Over on The Fight Site, they published a long and just marvelous article about Eduardo Telles and his style. I’m not going to go deep there, except as it relates to my own development as a turtler. But read the article if you want to turtle.

Since I discovered him, I’ve loved watching Telles’s rounds. Contrary to the style I developed playing Priit’s defensive style, Telles isn’t stubborn at all.* Watching opponents try to pass Telles’s guard is like watching someone wrestle a waterbed. Telles transitions from half guard, to turtle, to seated, to sprawled face down, and all the way back in an unorthodox but effective flow.

And just as important to me, Telles’s game looks fun. Even in his high-level competitive rounds he looks like he’s enjoying himself. And so I’ve tried to cultivate that same fluid stubbornness. (An oxymoron?)

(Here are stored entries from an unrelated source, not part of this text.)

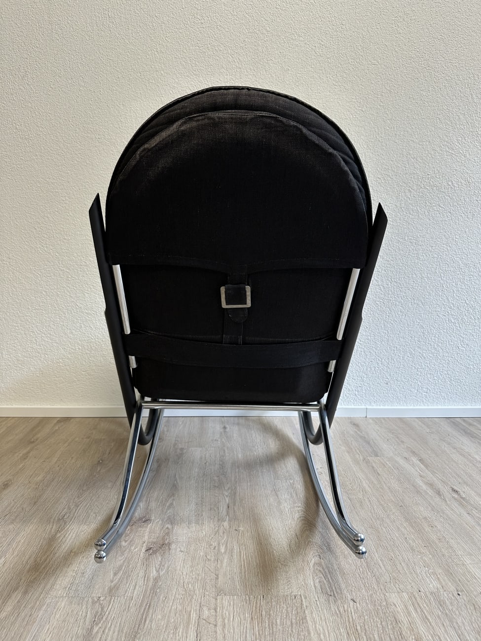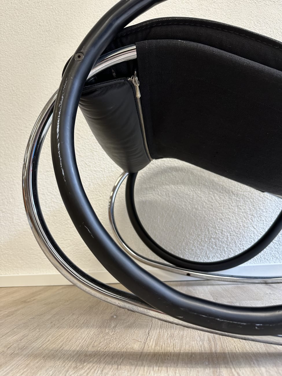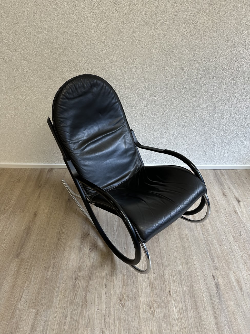 Klare Rundungen, leicht federnde Bewegung und ein Design, das sofort auffällt. Dieser Vintage Schaukelstuhl stammt aus der Nonna Serie von Strässle und wurde von Paul Tuttle entworfen. Typisch sind die grosszügigen Rohrbögen, die den Stuhl optisch tragen und gleichzeitig für die ruhige Schaukelbewegung sorgen. Schwarzer Lederbezug trifft auf mattes und verchromtes Metall, was dem Stück eine ruhige, hochwertige Ausstrahlung gibt. Bequem genug für längeres Sitzen und markant genug, um als Blickfang im Raum zu wirken.
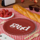 Abschluss Backstein rot fett moderne einfache Typo Pappteller
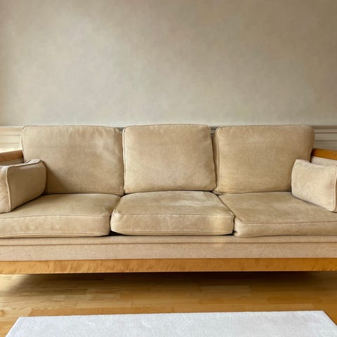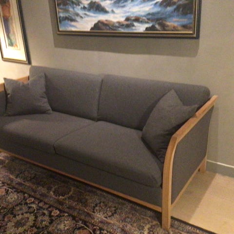 Pen Hødnebø Alf Sture stol med puff som er som veldig pen, og ingen slitasje. Den har dunputer og er trukket med super ullstoff fra Sellgren. Deilig lun og varm å sitte i!!
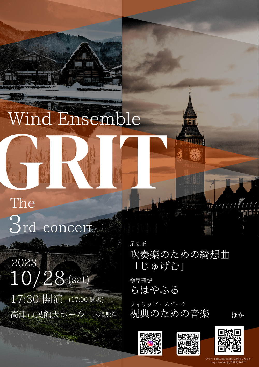 その他のお問い合わせ先:wegrit.concert@gmail.com(Wind Ensemble GRIT 演奏会担当)
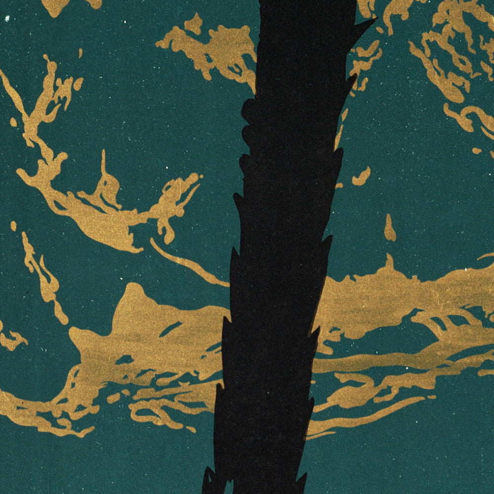 “Caucasus” by N. Zhukov is a classic Intourist travel poster inviting viewers to the storied mountain world between the Black Sea and the Caspian. In a single, cinematic tableau, two inky palm trunks frame snow-capped peaks while a lone horseman rides along a shimmering shoreline. The composition is bathed in deep green with gold highlights—the vertical gold rays that streak behind the mountains are especially striking—capturing the region’s dramatic contrast of subtropical coast and high alpine summits.

I suppose now I can prescribe learning turtle with appropriate qualification: If you watch Eduardo Telles’s rounds and say “this guy is awesome,” take some time to turtle. If not, that’s cool––you do you. But I’m also going to assume that your game looks like this.

Priit does, by the way, credit Telles in his instructional. Priit introduces a guard recovery technique in which the turtle player sits back or “folds” over one of his legs in order to square up to his opponent. Telles does it all the time. Priit calls the movement “The Telles.”

I’ve found “The Telles” to be so fundamental to the turtle position that I incorporate it into my warm up before class. It’s a movement I’ve never seen taught, but for turtlers, I think it is as critical as the hip escape. There are a lot of ways to recover guard and attack from turtle, but I’ve found that the most effective for me––by far––has been Telles-ing.

The Future

My plan was to leave the turtle behind in early 2020 in favor of practicing the closed guard. But a global pandemic threw off my plan. I remain shelled and my learning is less focused than it was when I was a white belt with a grand vision.

One nice thing about having a good turtle is that it takes away some of the risk of experimenting with new moves. I want to go for that triangle? Maybe they stack me and I have to turtle. I want to shoot a single leg? Go ahead, sprawl on me––see what happens! Make my day.

Now three years into jiujitsu I’m having fun developing this stubborn fluidity and I feel safe to experiment with new stuff. Worst comes to worst, find me turtled. To me it’s a pretty good place to be.

*I don’t mean to represent Priit’s style as stubborn. This is simply the style I personally developed as a white/blue belt while implementing Priit’s material. YMMV. Interesting, while writing this I learned that Priit has uploaded a bunch of narrated rolling videos on his YouTube channel. Not stubborn at all.